BHS football potential move to class B

Decision to move down from class A needs to go through one more step to make it official


Battle of the Bridge game played at Thornton Academy 2013

Audrey Desjardin, Junior editor

Biddeford High School to move down to class B after playing in class A for as far back as BHS football history goes.

The class A cutoff for football is 875 students in a school, yet Biddeford still manages to compete with only 830 students. This gives the other teams an unfair advantage to choose from plenty of well-trained players for backup when one is injured.

Dennis Walton, the Athletic Director at BHS, has played a major part in the potential move down to class B. Although there is no confirmation that football will move down to class B for the following 2015 season, it has already been approved by the school board.

“We’ve gone through all of the necessary hurdles to get to this point but we still need to go to the Maine Principal’s Association (MPA),” said Walton. “The final say will be coming from the inter-scholastic management committee.”

Two years ago the MPA realigned from three classes to four, adding in class D which bumped Biddeford into the class B category. Brian Curit, head football coach for the Tigers, believes that people thought Biddeford was moved because they couldn’t compete anymore.

“What ended up happening was we had this community of about 25 people that said they didn’t believe Biddeford should be moved and we should petition to stay up in A,” explained Curit. “At that point everybody that spoke about the potential move said ‘no way Biddeford is staying in A’.”

Despite what many may think, a team is placed in a class based on their population, not by wins and losses.

“There’s a stigma I think around here that class A is the best and class B the next best, but it’s not like that,” Walton said.

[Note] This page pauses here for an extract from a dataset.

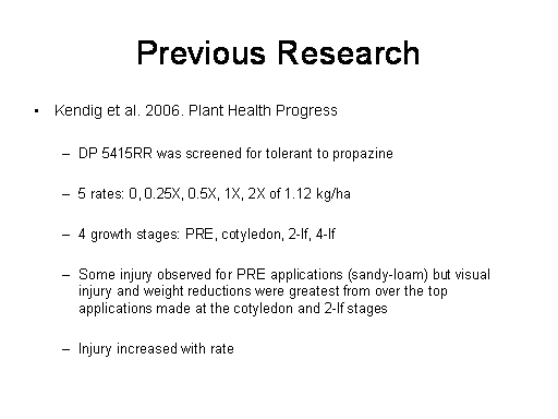 Previous Research<BR>Kendig et al. 2006. Plant Health Progress <BR> <BR>DP 5415RR was screened for tolerant to propazine <BR> <BR>5 rates: 0, 0.25X, 0.5X, 1X, 2X of 1.12 kg/ha <BR> <BR>4 growth stages: PRE, cotyledon, 2-lf, 4-lf <BR> <BR>Some injury observed for PRE applications (sandy-loam) but visual injury and weight reductions were greatest from over the top applications made at the cotyledon and 2-lf stages <BR> <BR>Injury increased with rate <BR> <BR> <BR>
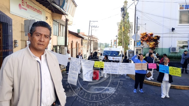 Trabajadores del Hospital Luis F. Nachón bloquearon la calle Nicolás Bravo por el adeudo de la primera quincena; Gobierno estatal informó que antes del mediodía se liberarían 47 millones de pesos.

Many people still question as to whether or not other sports would remain in class A. Fortunately the other teams have just the right amount of students needed to continue in class A.

“Because there are four classes in football the threshold is different in each sport,” said Walton. “Most sports only have three so when you divide the classes into four it drops that number significantly as opposed to three.”

Even though Biddeford football holds a place of pride in our community, the most affected by the decision to move down to class B will be the football players themselves. Lucas Rhoy, full back for the Tigers, thinks that the team would do really well in class B.

“I don’t mind it I guess, it’s going to be depressing not playing all the teams that we normally play,” said Rhoy. “I feel like it’ll be easier but not as enjoyable.”

One of the most upsetting aspects of the potential move down would be the possible loss of the traditional Battle of the Bridge game that has taken place as the last regular season game since 1893.

“It’s always the best game of the year facing your biggest rival no matter the outcome and possibly not having it next year is going to be very disappointing,” Rhoy said.

Although traditions may be broken and it would be a large scale change for Biddeford football to move down to class B, it would make the game much fairer for the boys and coaches.

“I’ve always been a proponent to play where you fit,” said Curit. “A lot of schools have backups and the problems that you encounter are going to be ones similar to schools of the same size.”

The final decision should be made sometime in November of this year as to if football remains in class A or not.

“We’ve gotten to the point where we just need to do what’s fair for our kids and our school,” said Walton. “If this is where they are supposed to be playing with similar school sizes, than that’s where we should be playing.”